**Exercise data:**
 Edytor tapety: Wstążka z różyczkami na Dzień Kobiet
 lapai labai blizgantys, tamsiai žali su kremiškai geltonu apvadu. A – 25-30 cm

==

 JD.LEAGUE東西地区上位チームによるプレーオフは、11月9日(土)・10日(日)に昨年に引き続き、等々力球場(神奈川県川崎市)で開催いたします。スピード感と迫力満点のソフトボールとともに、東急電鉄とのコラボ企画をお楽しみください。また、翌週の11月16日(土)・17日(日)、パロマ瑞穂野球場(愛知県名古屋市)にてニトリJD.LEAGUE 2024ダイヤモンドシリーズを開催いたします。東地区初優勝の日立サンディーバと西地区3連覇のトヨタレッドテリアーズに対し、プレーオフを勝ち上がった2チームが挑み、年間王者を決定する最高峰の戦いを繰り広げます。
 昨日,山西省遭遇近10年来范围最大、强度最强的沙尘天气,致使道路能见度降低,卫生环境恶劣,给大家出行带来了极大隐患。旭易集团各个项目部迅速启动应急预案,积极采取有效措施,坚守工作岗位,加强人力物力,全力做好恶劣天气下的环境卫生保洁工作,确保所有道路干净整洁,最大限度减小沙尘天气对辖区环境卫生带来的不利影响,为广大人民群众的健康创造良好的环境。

* * *

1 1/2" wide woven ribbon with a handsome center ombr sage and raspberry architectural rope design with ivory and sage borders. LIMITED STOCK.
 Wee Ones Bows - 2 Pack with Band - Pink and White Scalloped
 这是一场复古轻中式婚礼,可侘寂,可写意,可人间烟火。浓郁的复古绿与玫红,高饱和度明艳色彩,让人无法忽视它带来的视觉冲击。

**Action item:**
Look through the entries above and list every line containing "with".

**Task result:**
1 1/2" wide woven ribbon with a handsome center ombr sage and raspberry architectural rope design with ivory and sage borders. LIMITED STOCK.
 Wee Ones Bows - 2 Pack with Band - Pink and White Scalloped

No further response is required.